Task to carry out:
Return the stretch from the line with "服飾を学ぶ専門学校生による、" through the line with "Turquoise Embroidered Printed" in the data below, character for character, skipping all pictures.

Records for the exercise:
╭──

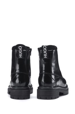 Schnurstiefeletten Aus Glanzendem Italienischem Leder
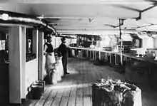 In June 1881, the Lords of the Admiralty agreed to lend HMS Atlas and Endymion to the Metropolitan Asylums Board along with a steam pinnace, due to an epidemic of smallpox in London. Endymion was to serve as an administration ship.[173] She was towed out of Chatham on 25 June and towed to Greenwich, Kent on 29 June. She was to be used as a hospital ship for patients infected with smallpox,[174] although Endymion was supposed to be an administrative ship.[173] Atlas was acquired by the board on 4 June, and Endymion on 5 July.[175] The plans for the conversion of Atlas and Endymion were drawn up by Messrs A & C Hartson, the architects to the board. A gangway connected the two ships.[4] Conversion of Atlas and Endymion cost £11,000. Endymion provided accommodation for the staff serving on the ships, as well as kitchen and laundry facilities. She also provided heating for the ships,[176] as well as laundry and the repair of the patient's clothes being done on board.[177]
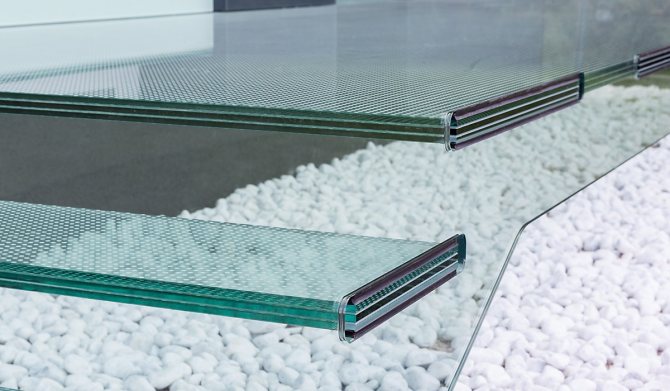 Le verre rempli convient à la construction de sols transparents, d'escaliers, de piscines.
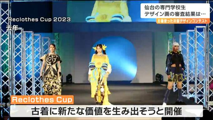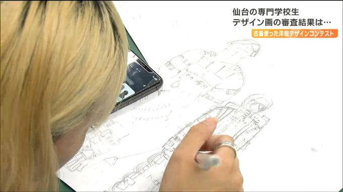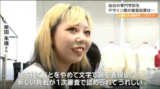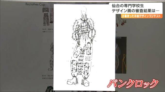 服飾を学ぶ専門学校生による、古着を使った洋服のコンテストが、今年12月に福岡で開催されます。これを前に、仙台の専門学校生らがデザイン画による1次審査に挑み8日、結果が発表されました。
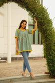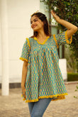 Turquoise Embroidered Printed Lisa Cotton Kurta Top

╰──
╭──

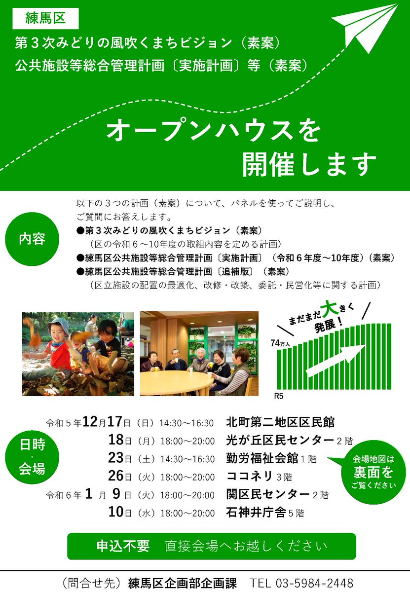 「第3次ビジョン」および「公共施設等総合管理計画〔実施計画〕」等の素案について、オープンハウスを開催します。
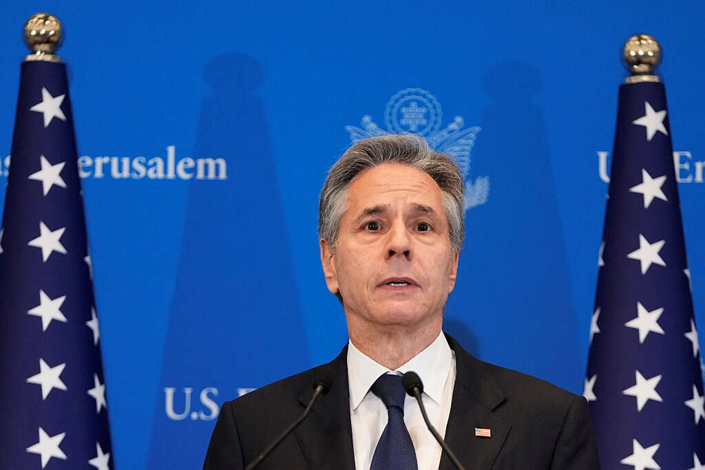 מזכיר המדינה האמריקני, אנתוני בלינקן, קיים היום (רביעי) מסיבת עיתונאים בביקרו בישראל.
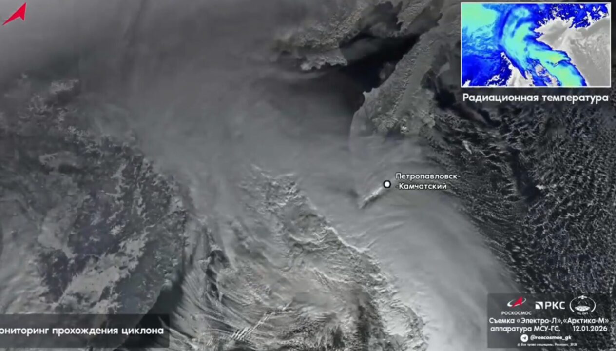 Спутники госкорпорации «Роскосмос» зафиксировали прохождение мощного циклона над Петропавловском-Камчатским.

╰──
╭──

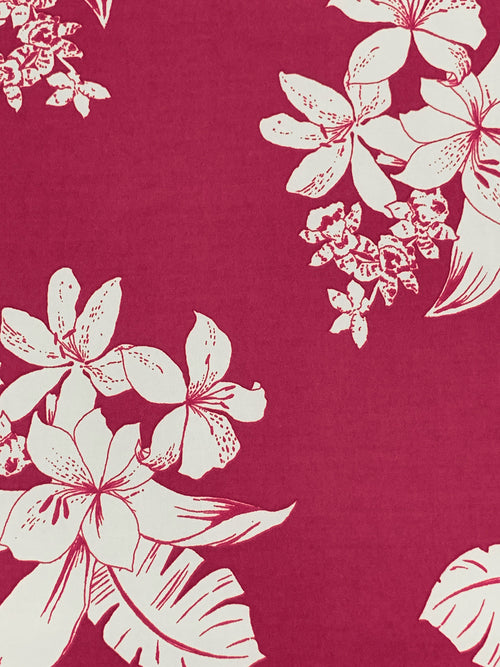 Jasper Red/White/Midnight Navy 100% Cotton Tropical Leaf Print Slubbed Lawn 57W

╰──

Your response:
 服飾を学ぶ専門学校生による、古着を使った洋服のコンテストが、今年12月に福岡で開催されます。これを前に、仙台の専門学校生らがデザイン画による1次審査に挑み8日、結果が発表されました。
 Turquoise Embroidered Printed Lisa Cotton Kurta Top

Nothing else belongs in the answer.